The husband’s duties to his wife are as follows:
First Duty: To financially support his wife. This is a financial right, and includes: food, drink, clothing, and other basic needs.
Allah says: “Someone who is well off should spend from his fortune, and whoever is poor should spend from what Allah gives him.”
Islamic Law does not define this expenditure monetarily, but left it to the customary practices of society.
The Prophet (peace be upon him) says: “Fear Allah when it comes to women, for they are helpers you took in faithfulness to Allah. You also find it permissible to enjoy their femininity lawfully with Allah’s word. You owe it to them to spend money on them for their food and clothes in kindness.” [Sahîh Muslim]
The expenditure should be within the means of the husband. He should not be asked to spend what he cannot afford.
Second Duty: To provide appropriate housing within the means of the husband. The wife has a right to her own home wherein she can feel comfortable. Allah says, regarding a newly divorced woman: “House them as you house yourselves as is available.” If this is for the divorced woman, then the wife who is under the marriage contract is worthier.
Third Duty: Assisting them in their quest for salvation by teaching them their religion and reprimanding them for disobeying Allah.
Allah says: “O believers! Protect yourselves and your families from a Fire which is fuelled by men and stones.”
Fourth Duty: To pay a dower. This is a right which precedes the contract. It is a symbol of honoring the woman and it is not permissible to neglect it until after the contract.
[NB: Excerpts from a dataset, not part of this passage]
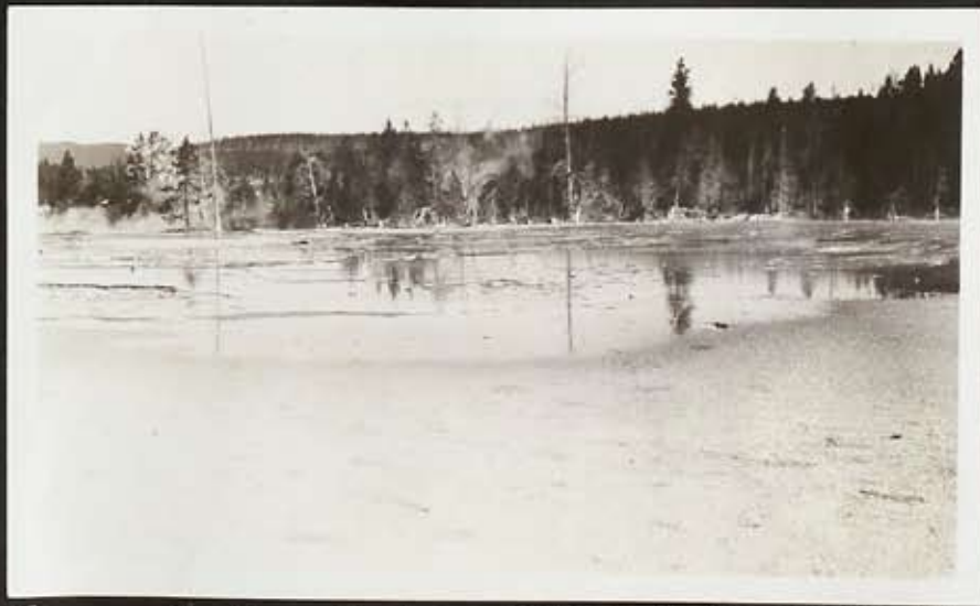
#2 The Three Sisters betray their guise in reflection!
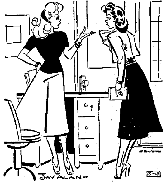
"I don't know which one to marry! One has a good head but no hair, the other has hair, but no head!"
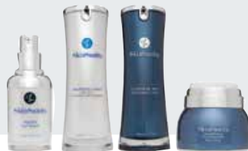
YOUTH RESTORE 4-STEP DELUXE SYSTEM
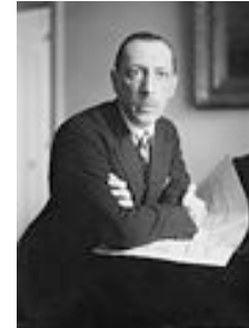
Igor Stravinsky (1882 - 1971) Modern
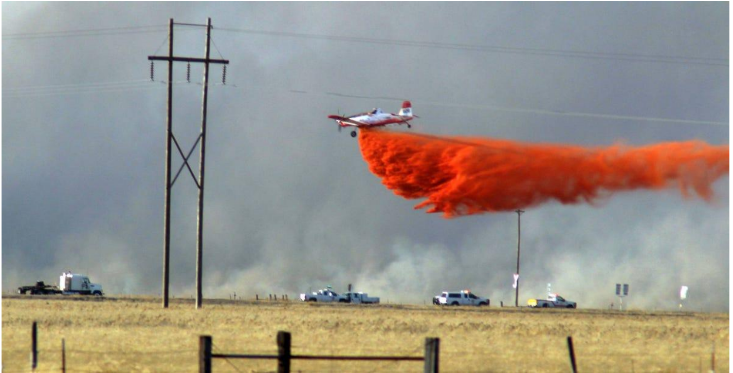
Single engine air tanker drop on the East Amarillo Complex

The wife’s duties to her husband are as follows:
First Duty: Obedience. A wife should be as obedient as she can to her husband. This preserves the family and protects it from collapsing. This is part of Islam’s organizing of the family structure. The Prophet (peace be upon him) was asked: ‘Which women are the best?’ he answered: “The one who pleases him when he looks at her, obeys him when he asks something of her, and is not disobedient in herself or her money in what he hates.” [Musnad Ahmad]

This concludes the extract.